Age checks to be enforced on video sharing platforms from July

RTÉ News​26-06-2025
Video sharing platforms based in Ireland will face new regulatory obligations to verify users' ages before showing adult content from July, according to Coimisiún na Meán's Online Safety Commissioner.
Speaking on Prime Time, Niamh Hodnett said the commission will be "supervising" the platforms to "see what measures have they put in place" from 21 July.
The new measures are part of Coimisiún na Meán's Online Safety Code, which requires that platforms hosting pornographic or violent material ensure such content is not accessible without robust age checks.
Platforms "have an obligation in relation to age assurance and also parental controls as well as content rating," Ms Hodnett said.
"What we require from the July date is either age estimation or age verification, and it has to be effective," Ms Hodnett said.
"To date, all the measures have been self-declaration... That's not an effective form of age assurance or age verification."
Ms Hodnett also outlined several approaches that could meet the new standards.
"That could be done by facial recognition, for example, or cognitive skills, or capacity testing - a maths or puzzle skill or something like that.

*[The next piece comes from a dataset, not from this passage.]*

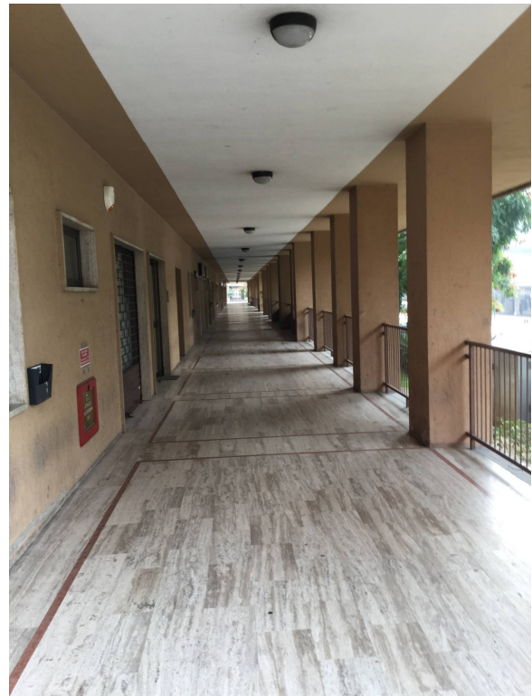
Fig.7: vista porticato edificio lato Viale dei Pini.
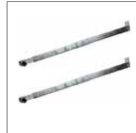
Coppia di bracci dritti con bussola per montaggio centrale senza saldature (L=600mm).

It can also be done by hard age verification... uploading IDs, whether they're digital IDs or actual copies of passports or driver's licenses."
The Commission will not mandate any specific technology, but Ms Hodnett said the systems must be "robust, privacy-respecting, and holding data for no longer than it is necessary".
Concerns around privacy were also addressed. Ms Hodnett explained that age verification could be handled through secure intermediaries, not directly by the platforms themselves.
"It can be provided to an API or almost like a middleman," she said. "That would just give a signal or a token to the platform as to yes or no, that person is over 18. You wouldn't be sharing your passport or your driver's license with the particular platform... these interfaces or these APIs can just give that signal, and that can be done in a privacy-compliant way."
The Commissioner confirmed Ireland is working with European and UK regulators to align age assurance standards. "Together with the European Commission and fellow regulators across the EU... and our colleagues in Ofcom in the UK... it's all coming together this year in relation to effective age assurance."
She also pointed to the EU's planned digital identity wallet, which is expected to launch by the end of 2026, with a test version available later this year. The system will allow users to verify their age without sharing personal identification with platforms.
While age verification has dominated headlines, Ms Hodnett was clear that it is only one part of Ireland's broader online safety strategy.
"It's not the silver bullet to solve all problems of online safety in this space," she said.
"There are other measures that we require in our code, such as effective parental controls... restrictions on who can contact a child or whose content can be seen in relation to a child, because we're concerned also about grooming and child sex abuse material."
Asked whether stricter enforcement could drive young users toward the dark web, Ms Hodnett acknowledged the risk but said public education was also key.
"We provide tools and information on our website...guidance for parents, for children, indeed for all of us," she said.
"We also have education materials that we shared with every school in the country."
The first enforcement deadline under the Online Safety Code begins 21 July, when granular requirements for age assurance and other safety measures come into force.